He brought Europe to villages

Kottayam Pushpanath rejuvenated circulation of many weeklies

For the new generation of Keralites, many of them well travelled, Carpathian mountain ranges may not ring a bell.

However, for a generation of Keralites who had never stepped out of their villages, these European mountain ranges and their peaks and passes were as familiar as their own village roads, thanks to a school teacher who had decided to take to writing, that too, detective fiction.

Kottayam Pushpanath, the novelist had not only brought hundreds of thousands of readers into the world of letters through his popular thrillers but also rejuvenated the circulation of nearly a dozen weeklies in the 70s and 80s.

Pushpanath had never visited Europe.

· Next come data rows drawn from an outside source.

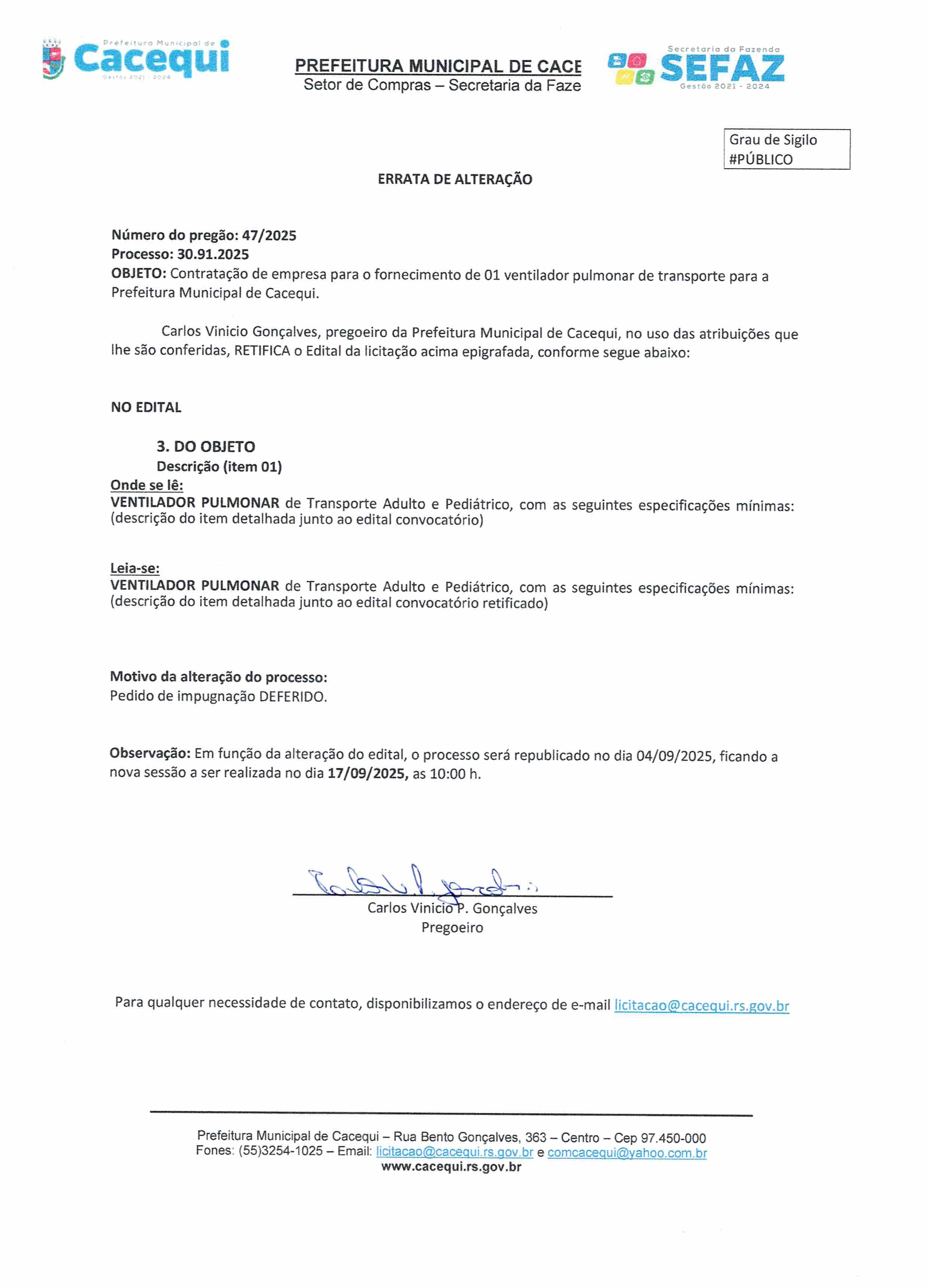 Contratação de empresa para o fornecimento de 01 ventilador pulmonar de transporte para a Prefeitura Municipal de Cacequi. |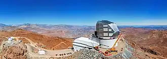 The Vera C. Rubin Observatory, formerly known as the Large Synoptic Survey Telescope (LSST), is an astronomical observatory under construction in Chile. Its main task will be carrying out a synoptic astronomical survey, the Legacy Survey of Space and Time.[11][12] The word "synoptic" is derived from the Greek words σύν (syn 'together') and ὄψις (opsis 'view'), and describes observations that give a broad view of a subject at a particular time. The observatory is located on the El Peñón peak of Cerro Pachón, a 2,682-meter-high (8,799 ft) mountain in Coquimbo Region, in northern Chile, alongside the existing Gemini South and Southern Astrophysical Research Telescopes.[13] The LSST Base Facility is located about 100 kilometres (62 miles) away from the observatory by road, in the city of La Serena. The observatory is named for Vera Rubin, an American astronomer who pioneered discoveries about galactic rotation rates.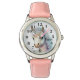 Een roze genummerd gezicht E horloge voor meisjes ontworpen met een Schattige paard kunt u haar naam toevoegen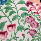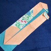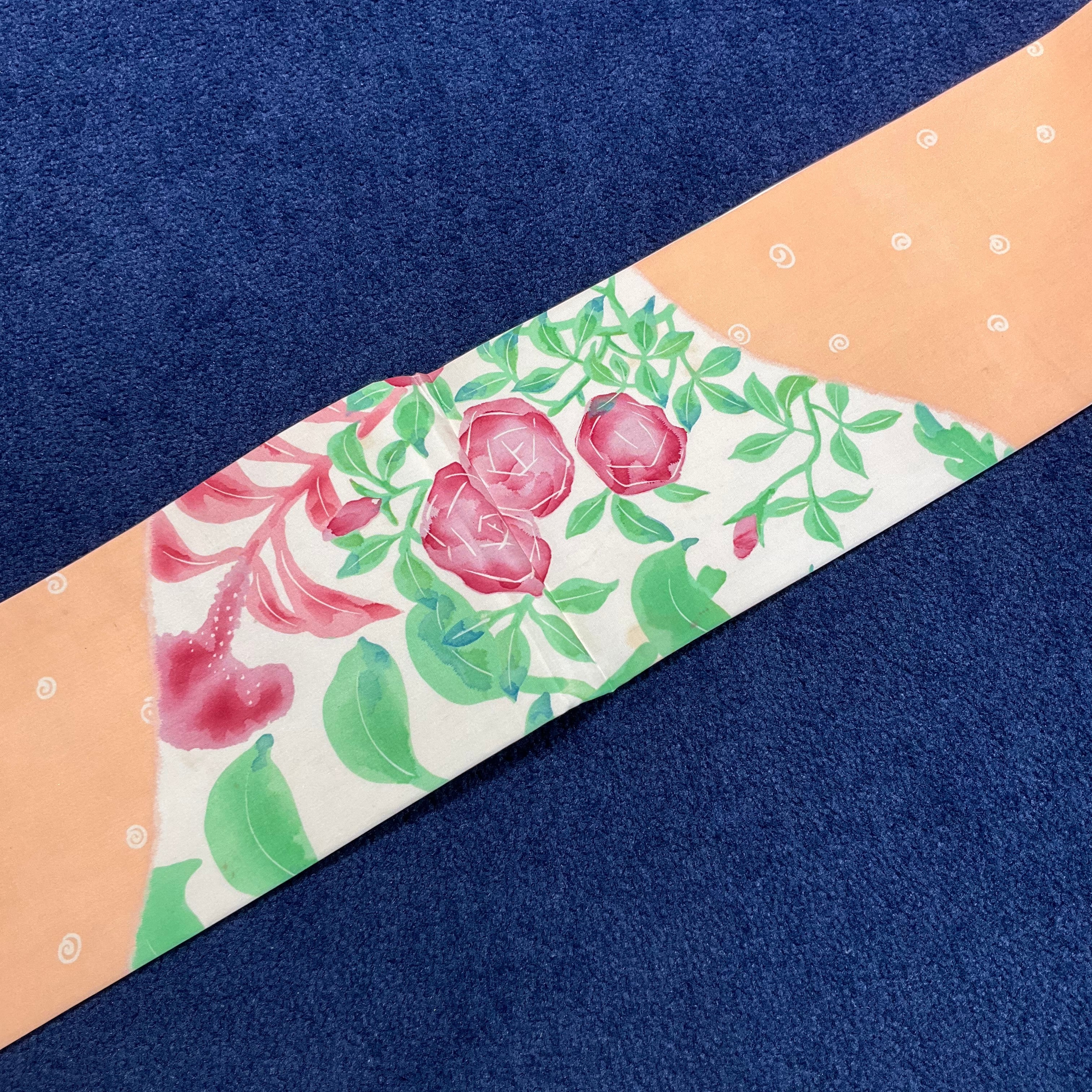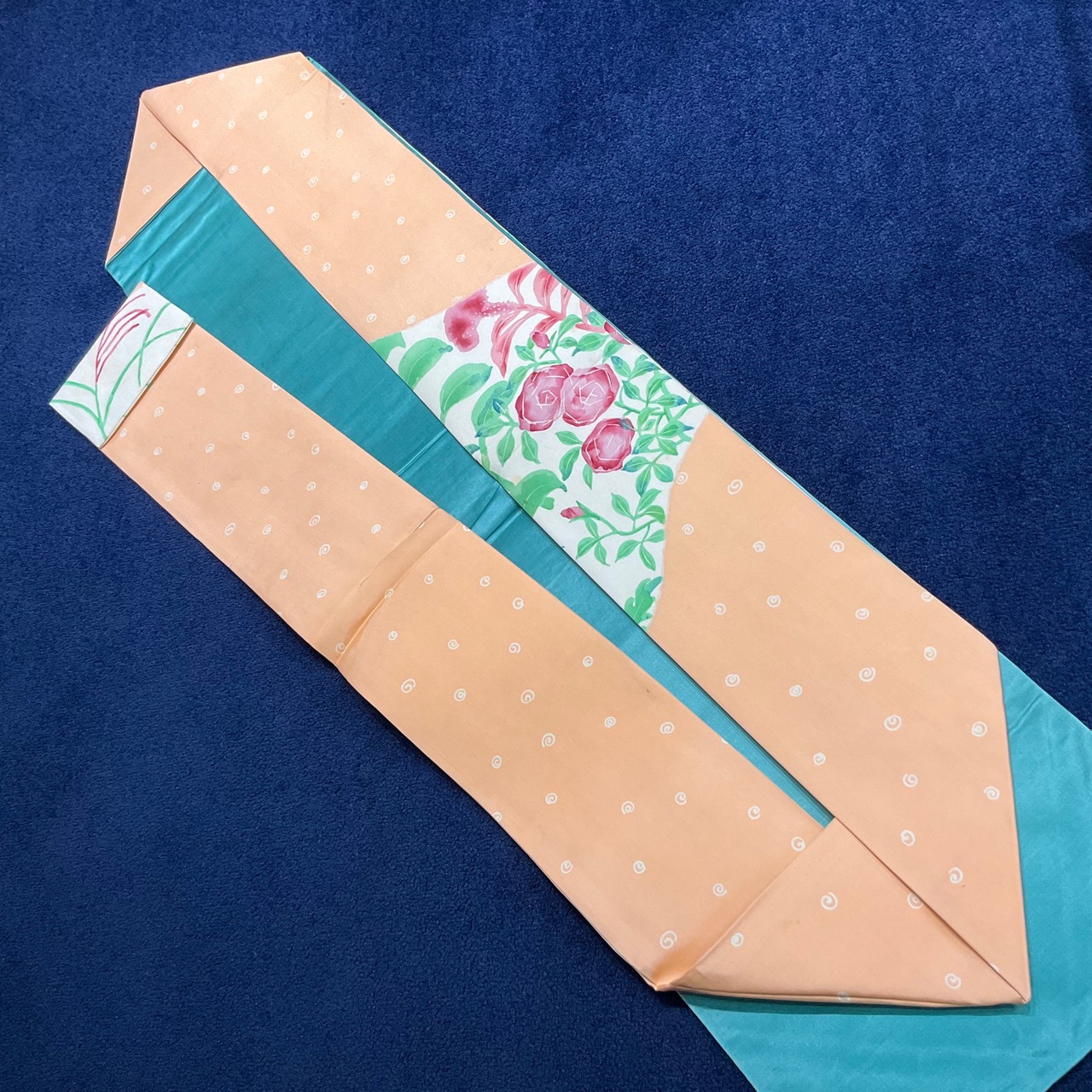 サーモンピンク地に、チューリップ、薔薇、紫陽花、鶏頭が描かれた季節問わずに使える染めのアンティーク名古屋帯です ✨️

But he could transport his readers to the European mountain ranges, streets of Paris or London through his writings and aided by the the protagonist of the story, often a private detective named Marxin (with a half corona cigar on his lips).

“The cigar was to Marxin as martini was to (James) Bond,” he once said. Marxin was a composite character created using Bond and Sherlock Holmes as raw materials. His fancy for Sir Arthur Conan Doyle lasted till the end.

C.G. Zachariah of Cheruvallil House alias Kottayam Pushpanath had taken to writing at a young age when he was a school student. “My mother was a teacher who encouraged me to read,” he had said.

He continued his passion even after becoming a geography and history teacher. He used to write for a magazine called Detector published by BKM Book Depot, Champakkulam.

That was the time when Central Travancore area saw the blooming of popular weeklies which had romantic serials as their staple food. However, one of the most popular among them Manorajyam soon found the going tough and its publishers decided to experiment with a new genre — crime thrillers.

The man whom it identified was the young school teacher who used to contribute to Detector under the pseudonym ‘Kottayam Pushpanath’.

Chuvanna Manushyan, the novel, was hyped as a science crime thriller as it dealt with the issue of brain transplantation for criminal purpose. By the time the serial concluded Pushpanath and the protagonist Marxin had become household names and the weekly was back on the rails. He also experimented with themes based on magic and spirituality.

By the 1990s television had taken over popular imagination and most of the popular weeklies started their slide.

Many of the technologies used by Pushpanath’s detectives had become obsolete and the key element of thrill had gone out of his novels making them unfit as resources for the visual world.